Une dette en progression de 17%

Cet exercice d’ajustement des comptes a été l’occasion de révéler certains indicateurs financiers du Département. La dette du Département de la Marne passerait de 156,2 M€ au 1er janvier 2024 à
183,5 M€ à fin 2024, soit une progression de 17%. L’épargne brute, recettes moins dépenses de fonctionnement, s’élèverait à 10,8 M€, une baisse de 150%. Le Département de la Marne n’est, pour l’instant, ni ruiné, ni dans le rouge. Et cependant, des clignotants s’installent. En premier lieu les 17 années de capacité de désendettement, largement au-dessus du niveau d’alerte, entre 12 et 15 ans.

Photo du conseil départemental de la Marne
(Crédit : GD)

Cette séance plénière d’avant budget 2025 a été l’occasion d’aborder une vingtaine des rapports.
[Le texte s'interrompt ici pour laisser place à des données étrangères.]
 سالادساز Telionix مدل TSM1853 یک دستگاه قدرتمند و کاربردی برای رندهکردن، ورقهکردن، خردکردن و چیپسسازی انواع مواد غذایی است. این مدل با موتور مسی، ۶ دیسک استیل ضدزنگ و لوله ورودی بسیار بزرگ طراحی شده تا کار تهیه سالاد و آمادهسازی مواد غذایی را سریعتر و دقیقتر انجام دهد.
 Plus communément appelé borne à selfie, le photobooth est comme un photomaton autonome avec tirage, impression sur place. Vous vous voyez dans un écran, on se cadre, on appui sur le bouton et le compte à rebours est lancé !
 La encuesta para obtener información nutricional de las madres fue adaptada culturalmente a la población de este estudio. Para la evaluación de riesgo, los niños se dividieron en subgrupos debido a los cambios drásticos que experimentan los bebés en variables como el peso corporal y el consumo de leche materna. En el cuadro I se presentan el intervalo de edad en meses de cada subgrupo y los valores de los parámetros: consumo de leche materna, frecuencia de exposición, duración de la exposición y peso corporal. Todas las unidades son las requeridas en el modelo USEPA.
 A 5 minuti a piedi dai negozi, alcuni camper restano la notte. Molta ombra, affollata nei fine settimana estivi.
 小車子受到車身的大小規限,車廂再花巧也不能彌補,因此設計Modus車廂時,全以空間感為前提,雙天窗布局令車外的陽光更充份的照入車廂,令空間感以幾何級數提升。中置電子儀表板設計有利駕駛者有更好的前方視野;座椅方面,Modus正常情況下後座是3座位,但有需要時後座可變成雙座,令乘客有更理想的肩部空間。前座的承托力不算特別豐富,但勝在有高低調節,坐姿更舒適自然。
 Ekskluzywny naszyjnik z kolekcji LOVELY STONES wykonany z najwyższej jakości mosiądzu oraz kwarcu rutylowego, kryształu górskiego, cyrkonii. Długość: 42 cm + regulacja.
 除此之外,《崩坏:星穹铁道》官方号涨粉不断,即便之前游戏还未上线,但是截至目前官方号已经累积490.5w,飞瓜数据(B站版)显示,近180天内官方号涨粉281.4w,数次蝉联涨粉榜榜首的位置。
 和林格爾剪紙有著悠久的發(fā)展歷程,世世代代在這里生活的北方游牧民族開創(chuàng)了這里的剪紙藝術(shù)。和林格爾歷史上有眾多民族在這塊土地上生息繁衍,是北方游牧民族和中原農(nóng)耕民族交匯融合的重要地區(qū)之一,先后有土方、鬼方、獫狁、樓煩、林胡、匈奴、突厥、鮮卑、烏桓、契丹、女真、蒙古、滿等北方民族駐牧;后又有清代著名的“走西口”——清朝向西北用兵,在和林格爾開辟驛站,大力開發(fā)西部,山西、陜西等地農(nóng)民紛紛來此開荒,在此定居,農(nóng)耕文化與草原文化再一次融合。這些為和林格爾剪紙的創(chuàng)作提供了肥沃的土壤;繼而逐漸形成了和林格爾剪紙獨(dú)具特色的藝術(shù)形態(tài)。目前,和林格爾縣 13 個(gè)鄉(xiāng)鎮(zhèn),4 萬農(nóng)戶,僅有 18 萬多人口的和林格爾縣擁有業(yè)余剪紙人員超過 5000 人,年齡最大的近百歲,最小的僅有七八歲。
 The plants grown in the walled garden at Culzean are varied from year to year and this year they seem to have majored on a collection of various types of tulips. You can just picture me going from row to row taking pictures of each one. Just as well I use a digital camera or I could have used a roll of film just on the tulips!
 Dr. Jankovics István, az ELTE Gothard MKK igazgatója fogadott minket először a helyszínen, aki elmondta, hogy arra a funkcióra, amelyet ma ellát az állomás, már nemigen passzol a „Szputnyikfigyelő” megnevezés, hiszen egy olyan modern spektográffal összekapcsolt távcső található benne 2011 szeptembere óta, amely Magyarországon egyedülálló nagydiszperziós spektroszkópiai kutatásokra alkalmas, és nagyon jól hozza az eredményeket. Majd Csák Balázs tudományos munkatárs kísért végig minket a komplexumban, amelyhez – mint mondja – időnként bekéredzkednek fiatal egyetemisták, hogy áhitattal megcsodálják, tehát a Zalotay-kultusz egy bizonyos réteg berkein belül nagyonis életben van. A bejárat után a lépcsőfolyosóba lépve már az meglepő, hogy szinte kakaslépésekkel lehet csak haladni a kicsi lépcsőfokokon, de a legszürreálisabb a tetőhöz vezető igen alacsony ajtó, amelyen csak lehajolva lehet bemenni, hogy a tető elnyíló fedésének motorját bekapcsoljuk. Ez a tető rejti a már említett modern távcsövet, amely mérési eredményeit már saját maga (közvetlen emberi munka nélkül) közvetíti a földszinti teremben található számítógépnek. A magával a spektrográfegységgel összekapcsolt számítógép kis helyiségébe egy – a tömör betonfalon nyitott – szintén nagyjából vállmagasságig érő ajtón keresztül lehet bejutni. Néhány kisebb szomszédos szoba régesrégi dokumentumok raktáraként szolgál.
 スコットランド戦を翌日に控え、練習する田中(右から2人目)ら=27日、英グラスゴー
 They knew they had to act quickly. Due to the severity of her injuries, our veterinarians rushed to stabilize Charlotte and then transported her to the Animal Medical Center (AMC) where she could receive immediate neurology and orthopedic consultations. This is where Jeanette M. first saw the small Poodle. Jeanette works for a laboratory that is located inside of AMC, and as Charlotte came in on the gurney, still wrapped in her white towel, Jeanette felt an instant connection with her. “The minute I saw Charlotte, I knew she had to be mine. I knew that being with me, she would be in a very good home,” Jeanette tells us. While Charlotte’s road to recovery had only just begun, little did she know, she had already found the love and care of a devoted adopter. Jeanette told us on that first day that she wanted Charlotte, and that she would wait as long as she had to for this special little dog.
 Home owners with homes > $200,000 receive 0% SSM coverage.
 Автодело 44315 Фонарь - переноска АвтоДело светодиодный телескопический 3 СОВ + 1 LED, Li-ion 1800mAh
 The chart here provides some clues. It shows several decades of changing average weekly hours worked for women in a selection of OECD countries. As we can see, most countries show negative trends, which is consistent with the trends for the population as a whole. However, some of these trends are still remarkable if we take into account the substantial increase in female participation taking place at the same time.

Parmi les plus significatifs financièrement : 1,3 M€ pour le contrat départemental 204-2027 de prévention et de protection de l’enfance, 0,6 M€ pour des investissements dans les crèches, 2,2 M€ pour l’évolution des dépenses des établissements et services médico-sociaux, ou encore 1,8 M€ pour des projets de création d’équipements.